While the election count has ended, the full future of Powys County Council is still yet to be decided as none of the groups won overall control.
The Welsh Liberal Democrats would have been celebrating last night as they gained 11 seats across Powys taking them to a total of 24.
While the Lib Dems do not have a majority, they now hold the most seats on the local authority - one of the parties would have needed 34 seats to win a majority.
The Lib Dems stormed ahead in the count, especially as the Brecon and Radnorshire results were revealed, as they surpassed the independents and the Conservatives.
Powys has traditionally been a stronghold for independent candidates.
In the last local election in 2017, there was a coalition between independents and the Welsh Conservatives, however for decades before it had been led by independent candidates.
At yesterday’s count, the independents - including Action for Powys and the non-aligned members - gained only 17 out of the 68 available seats on Powys council.
The independents lost a devastating 13 seats at the polling stations on Thursday, May 5.

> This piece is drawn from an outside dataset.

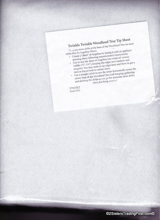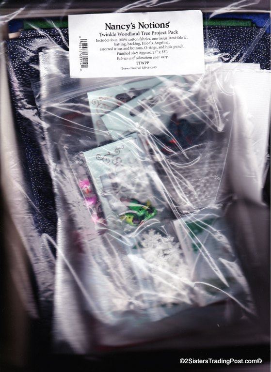 Twinkle Twinkle Woodland Tree' wall hanging kit #TTWTKT includes 4 fabrics, one tissue lame fabric, batting, backing, Hot-fix Angelina, assorted trims and buttons, O-rings, and hole punch. This kit is to be used with Twinkle Twinkle Little Tree Pattern TBTTLT (NOT INCLUDED) available at www.nancysnotions.com finished wall hanging is approx. 27" x 33" MSRP $59.00

Former Powys leader Rosemarie Harris lost her seat in the election as her ward, Llangynidr, was merged with the ward of re-elected Cllr Jackie Charlton who previously represented Llangattock.
Ms Harris told LDRS reporter Elgan Hearn in a video, which can be seen below, that she felt it was partly down to wards being merged that caused the loss for the independents.
However, it is also thought that Powys council’s rural school closures along with the council tax rise also influenced the drop in votes for independents and the Conservatives.
The Welsh Conservatives, who joined the independents in coalition in 2017, lost five seats in this year’s local elections.
Brecon and Radnorshire now only have one Tory councillor which is Iain McIntosh of Yscir with Honddu Isaf and Llanddew ward.
The elections also saw different cabinet members lose their positions on Powys council including: former education portfolio holder Phyl Davies of the Welsh Conservatives; former portfolio holder for young people and culture, independent Rachel Powell; and, former adult social care and Welsh language portfolio holder, independent Myfanwy Alexander.
Some of the independent seats had also previously been held by longstanding councillors who chose to retire, such as Michael Jones with Old Radnor for 37 years and Colonel Tim Van Rees with Llanwrtyd Wells for around 40 years.
The independents will now have to elect a new leader, meanwhile, other group leaders will be in discussion with Powys Lib Dem leader James Gibson-Watt over the weekend to decide on the future of Powys council’s cabinet.
Cllr Gibson-Watt posted on Facebook: “My sincere thanks to the people of the area for putting their trust in me once more; and particular thanks to Rhodri for being such a courteous and good-natured opponent.
“The Welsh Liberal Democrats now form the largest group on Powys CC. We aim to use that position to change Powys into a more open and accountable council, listening to local residents and placing the sustainability and economic health of local communities and the county at the heart of the council’s priorities.”
It was also a good day for Welsh Labour as it gained two seats in Powys taking it to a total of nine seats which are all located in Breconshire and Radnorshire.
Plaid Cymru gained a seat taking it to three seats on Powys Council and the Green Party maintained its one seat in Montgomeryshire.